"Всегда говорю, что я из Израиля". Интервью с просветителем Владимиром Раевским

В Израиль приезжает с гастролями журналист и просветитель Владимир Раевский. Его выступления под названием "Держава Несмеяна" проходят в жанре "исторического стендапа". Уроженец Екатеринбурга, Раевский до 2022 года делал успешную карьеру на российском телевидении и радио и был дважды лауреатом региональной премии ТЭФИ. После полномасштабного вторжения российских войск в Украину он репатриировался в Израиль, сейчас живёт в Лондоне. Помимо "исторического стендапа", Раевский продолжает заниматься тем, что он умел делать всегда – производством просветительских видео в самых разных форматах: от коротких роликов на минутку-полторы до полнометражных документальных фильмов о самых разных аспектах нашего прошлого и настоящего. В начале 2025 года Минюст РФ внёс Раевского в реестр иностранных агентов. С израильских выступлений – 7 апреля в Хайфе и 10 апреля в Тель-Авиве – начинается гастрольный тур журналиста, который продлится весь месяц и охватит сразу несколько стран: Германию, Швейцарию, Испанию, Францию, Кипр и Казахстан. Лев Ганкин связался с Раевским специально для Newsru.co.il и узнал у него о том, как рассказывать весело о страшном, в чём специфика онлайн-формата, можно ли заработать на жизнь видеоблогом и как сегодня живётся в Лондоне израильтянину, не скрывающему тёплого отношения к своей стране.

Что такое "исторический стендап"? По отдельности мне эти слова понятны, а в сочетании – не совсем.

Неудивительно: я осмелюсь утверждать, что мы этот жанр придумали. Лет десять назад я стал делать историческую программу на телевидении. Любой, кто этим занимается, находит себя в пространстве между Леонидом Парфёновым и занудными фильмами с кучей хроники и обволакивающим бархатным голосом поверх неё. Мы же хотели, чтобы программа была прикольная – и при этом чтобы её не закрыли скоро. Поэтому стали изобретать с коллегами новый язык: с графикой, реконструкциями (я там много ходил в кадре с наклеенными усами и бородами) и так далее. Но главное – я стал читать много всего о русской истории и не мог поверить глазам, насколько это смешно: буквально нескончаемая комедия! Конечно, иногда, что называется, смешно до крови. И в нынешнюю страшную годину трудно воспринимать историю как комедию. Но на самом деле это зачастую именно так – и есть ощущение, что мы сами себе запретили над ней смеяться: сакрализировали историю, "ограничили" её (от слова "гранит"). После того, как я уехал после начала войны, телевизионный проект, понятно, закончился, но я продолжал аккумулировать всякие интересные сюжеты – и мы с коллегами подумали: почему бы не превратить их в выступление? И попытаться смеяться не над своей бытовой жизнью, как принято в стендапе, а над тем, что меня по-настоящему интересует, – над прошлым?

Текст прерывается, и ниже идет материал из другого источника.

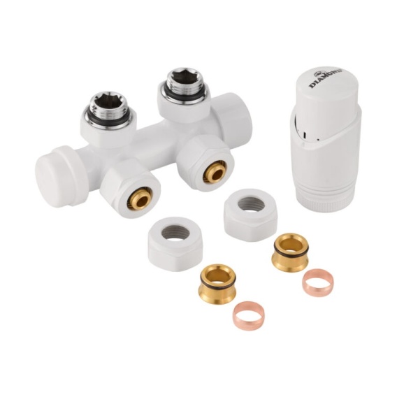 ZESTAW TERMOSTATYCZNY DO GRZEJNIKA, ZESPOLONY KĄTOWY BIAŁY R 1/2", 16 PEX / 15 Cu
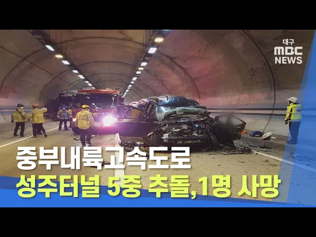 오늘 오전 9시 6분쯤 중부내륙고속도로 상행선 76.7킬로미터 지점 성주터널 안에서 스타렉스 차량이 앞서가던 3.5톤 화물차를 들이받는 등 차량 5대가 연쇄 추돌하는 사고가 발생했습니다.이 사고로 스타렉스 차량에 타고 있던 외국인으로 추정되는 여성 1명이 숨지고 나머지 차량에 탄 8명이 중경상을 입고 인근 병원으로 ...

Название твоего стендапа – "Держава Несмеяна" – это про Россию, да?

Да. Многие думают, что Россия – держава только до тех пор, пока она "Несмеяна"; как только станет смешно, сразу всё сдуется. Но я считаю наоборот – что будет как в сказке: именно когда она рассмеётся, то наконец похорошеет, проснётся ото сна и будет отдана прекрасному царевичу, а не каким-то вурдалакам.

Всё выступление у тебя именно про русскую историю?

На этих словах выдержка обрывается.